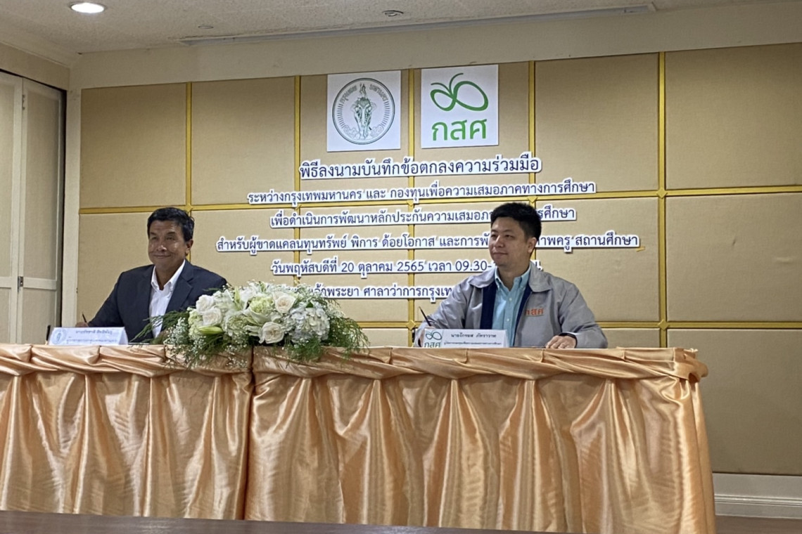 วันที่ 20 ต.ค.2565 เวลา 10.30 น.ที่ศาลาว่าการกทม.เสาชิงช้า นายชัชชาติ สิทธิพันธุ์ ผู้ว่าราชการกรุงเทพมหานคร พร้อมด้วย นายศานนท์ หวังสร้างบุญ รองผู้ว่าราชการกรุงเทพมหานคร ร่วมพิธีลงนามบันทึกข้อตกลงความร่วมมือระหว่างกรุงเทพมหานคร และกองทุนเพื่อความเสมอภาคทางการศึกษา(กสศ.) เพื่อดำเนินการพัฒนาหลักประกันความเสมอภาคทางการศึกษา สำหรับผู้ขาดแคลนทุนทรัพย์ พิการ ด้อยโอกาส และการพัฒนาครู สถานศึกษา โดยมี ดร.ประสาร ไตรรัตน์วรกุล ประธานกรรมการบริหารกองทุนเพื่อความเสมอภาคทางการศึกษา และ ดร.ไกรยศ ภัทราวาท ผู้จัดการกองทุนเพื่อความเสมอภาคทางการศึกษา(กสศ.) เข้าร่วม
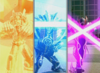 Yellow jabs forth, as Morgana spins and dodges, then sparkily slashes her, doing the same to Pink, then roundhousing Yellow. |
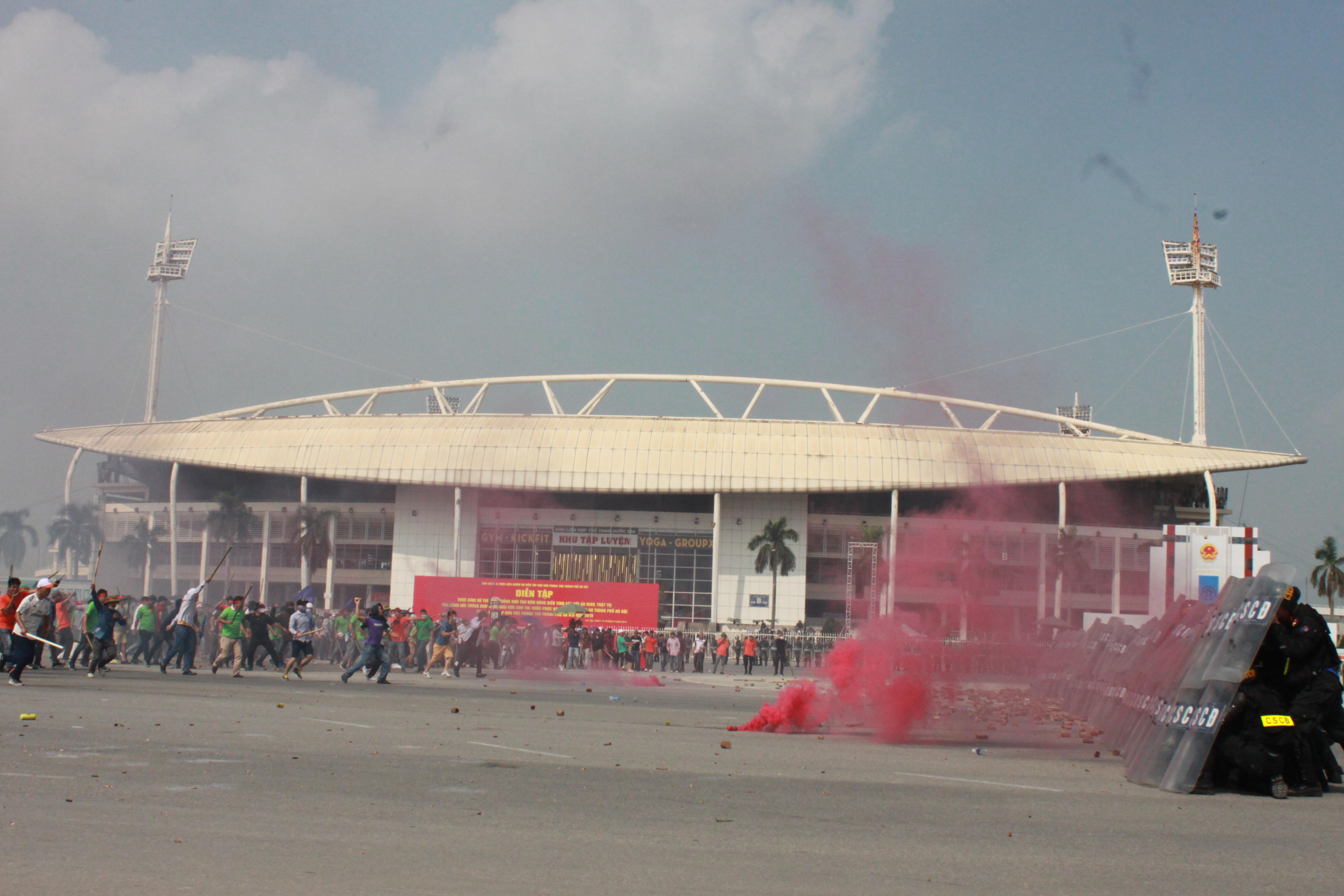 Công an TP Hà Nội phối hợp cùng Bộ Tư lệnh Thủ đô và các sở, ban, ngành liên quan tổ chức buổi diễn tập thực binh xử trí tình huống giải tán đám đông biểu tình, gây rối an ninh trật tự; tấn công đối tượng khủng bố, giải cứu con tin, khắc phục hậu quả trong diễn tập khu vực phòng thủ thành phố Hà Nội năm 2019.

**TRY IT:**
When you copy the data above, keep each line exact and omit the pictures.

**YOUR SOLUTION:**
 วันที่ 20 ต.ค.2565 เวลา 10.30 น.ที่ศาลาว่าการกทม.เสาชิงช้า นายชัชชาติ สิทธิพันธุ์ ผู้ว่าราชการกรุงเทพมหานคร พร้อมด้วย นายศานนท์ หวังสร้างบุญ รองผู้ว่าราชการกรุงเทพมหานคร ร่วมพิธีลงนามบันทึกข้อตกลงความร่วมมือระหว่างกรุงเทพมหานคร และกองทุนเพื่อความเสมอภาคทางการศึกษา(กสศ.) เพื่อดำเนินการพัฒนาหลักประกันความเสมอภาคทางการศึกษา สำหรับผู้ขาดแคลนทุนทรัพย์ พิการ ด้อยโอกาส และการพัฒนาครู สถานศึกษา โดยมี ดร.ประสาร ไตรรัตน์วรกุล ประธานกรรมการบริหารกองทุนเพื่อความเสมอภาคทางการศึกษา และ ดร.ไกรยศ ภัทราวาท ผู้จัดการกองทุนเพื่อความเสมอภาคทางการศึกษา(กสศ.) เข้าร่วม
 Yellow jabs forth, as Morgana spins and dodges, then sparkily slashes her, doing the same to Pink, then roundhousing Yellow. |
 Công an TP Hà Nội phối hợp cùng Bộ Tư lệnh Thủ đô và các sở, ban, ngành liên quan tổ chức buổi diễn tập thực binh xử trí tình huống giải tán đám đông biểu tình, gây rối an ninh trật tự; tấn công đối tượng khủng bố, giải cứu con tin, khắc phục hậu quả trong diễn tập khu vực phòng thủ thành phố Hà Nội năm 2019.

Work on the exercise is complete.